By: Tim Elmore
I spoke to a clinical psychologist recently, after an arduous day with clients. Helen is a counselor who sees families for therapy every day. She revealed a tool to me that was so simple I asked her to repeat it. She called it a “secret” because so few parents know it or apply it—but it’s within the reach of almost anyone. In fact, Helen told me if her clients practiced it, it would resolve most of the problems she addresses in her counseling.
Imagine if there was a simple act you could perform with your children that would result in:
- Better mental health
- Stronger physical health
- Higher self-esteem
- Less risky behavior
- Improved academic performance
- Increased communication skills
- Higher quality relationship between parent and child.
After looking at the research, I agree with Helen. So, what is the secret? Twenty years of research by Anne Fishel, a professor of psychology at Harvard University, has demonstrated the evidence for this secret. The secret is both simple and challenging: regular family meals.
Eating Food Together
Seriously? you might be asking yourself.
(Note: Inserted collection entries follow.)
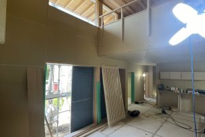 はい。今日は印南町のK様家から。 大工さんの工事もあと…
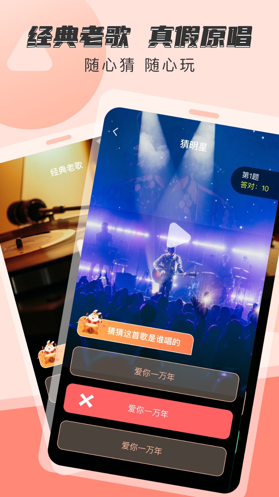 1.根据视频音频来猜出歌曲的名字或者歌手,猜歌名有三个选项,才歌手有两个选项。
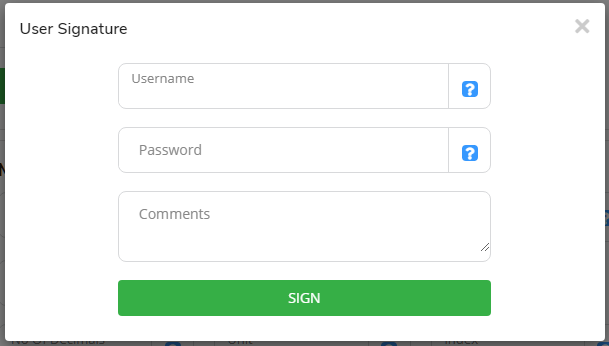 When signing is needed, a “User Signature” form is opened.
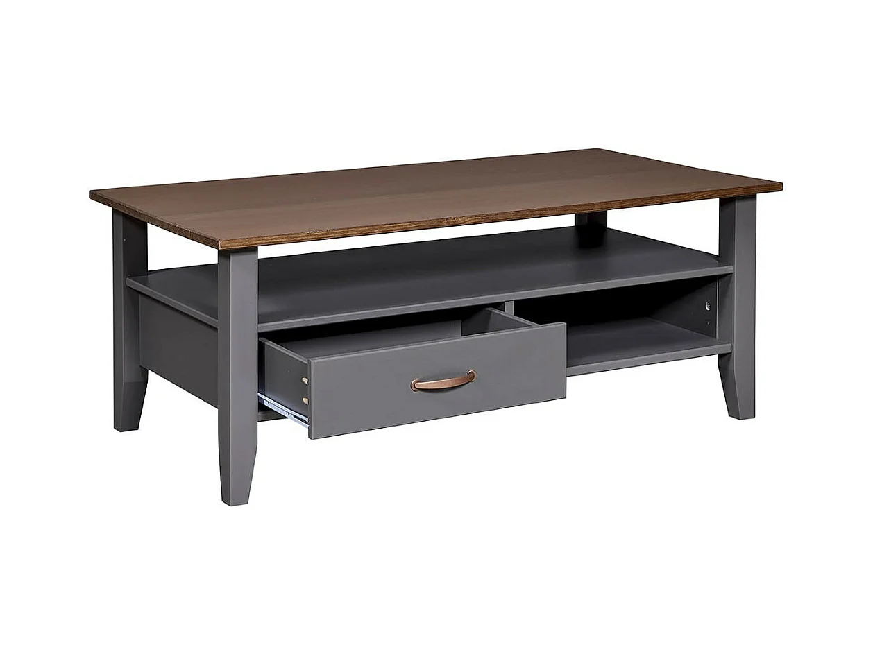 MELINA - Table Basse Rectangulaire Coloris Gris et Naturel
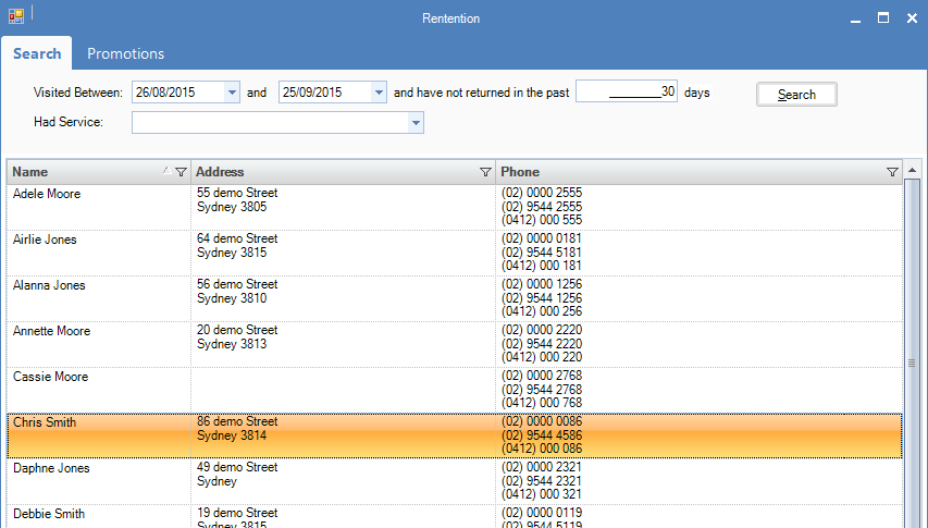 Step 2: The Retention window will display. Select the dates to limit your search by choosing dates in the Visited Between to view clients that have visited your business on and between the dates chosen. You can also enter the number of days in which the client has not returned in the Have not returned in the past box. You may also choose the type of service they had the last time they were at the business by choosing an option from the Had Service drop down menu to further limit your search.

Sitting down on a consistent basis and eating together achieves these results? You’d better believe it. Dr. Leonard Sax, family physician, psychologist, and author of The Collapse of Parenting, says, “Research shows having a family meal at home with no distractions is important. Every day. Not doing this indicates that time spent at home with parents is the least important priority.” When we eat together, it demonstrates that family is our highest priority. In fact, Anne Fishel at Harvard agrees with my friend Helen: “So many of the things I try to do in family therapy actually get accomplished by regular dinners.” Obviously, the food part is only a fraction of the equation. A winning combination suggests we must be intentional about the ingredients.
- Remove distractions. The meal should be a time to turn phones off or put them in a basket. The TV is off as well as all media intrusions or notifications. At our house, we tried to turn off everything except conversation. It was so different than our day.
- Be informal. Family meals should feel fun and lively. Even though parents should be proactive to plan them, they should be full of spontaneity. I often had a bad dad joke ready, and we’d laugh at funny things that occurred that day. It levels the playing field.
- Tell stories. I found when I told a story, my kids were engaged, no matter their ages. Have one ready, but don’t over program your time. Stories paint images, engage kids, and don’t feel like a “canned talk.” Pictures beat lectures every day.
- Seek cooperation. If you have a child who doesn’t get into this, ask him or her to help you prepare the meal. One survey reveals that helping with dinner is correlated with good feelings in kids. “When they row the boat, they have less time to rock the boat.”
- Manage conflict. Conflict is inevitable in any family. Be firm on principles and values but never put a wall between relationships. Create hand signals to remind kids of rules. Insert humor to lighten the mood. Put on music to create the atmosphere you want.
- Process life. We always used mealtimes to debrief the day and learn from it. We’d talk about forgiveness, listening, managing emotions, resolving conflict, you name it. If a moment gets tense, remember even a short meal together is better than no meal at all.
While most agree with this, we often neglect it because we’ve jumped onto a hamster wheel, running to practices, rehearsals, games, recitals, and competitions. Rushing about together is not the same as pausing, eating, and interacting. We must avoid noise and clutter.
The dinner topics I most recall as my children grew up were planning vacations, celebrating each other (we had a special birthday plate), and discussing big news stories where our kids mostly overheard their mother and me process our views on those topics. (I’ve found kids are better at eavesdropping than listening to their parents.) We only allowed our kids one extracurricular activity per semester, so mealtimes remained sacred. Dinner time was actually when I first introduced our Habitudes® curriculum. We didn’t call it Habitudes® back then, but I taught a principle with an image. And that picture was always worth a thousand words. This helped our kids develop values, beliefs, and healthy worldviews as adults.
Thirty years ago, when my dad was in his 60s, he began saying something that I now appreciate. He’d say, “The problem with our country is we’ve stopped eating supper together.” My parents did this so well for me, and I attribute much of my success today to that habit. If it feels impossible for you, start with one meal a week and build from there. I’m sharing this secret with anyone who will listen. You won’t regret putting it to work for you.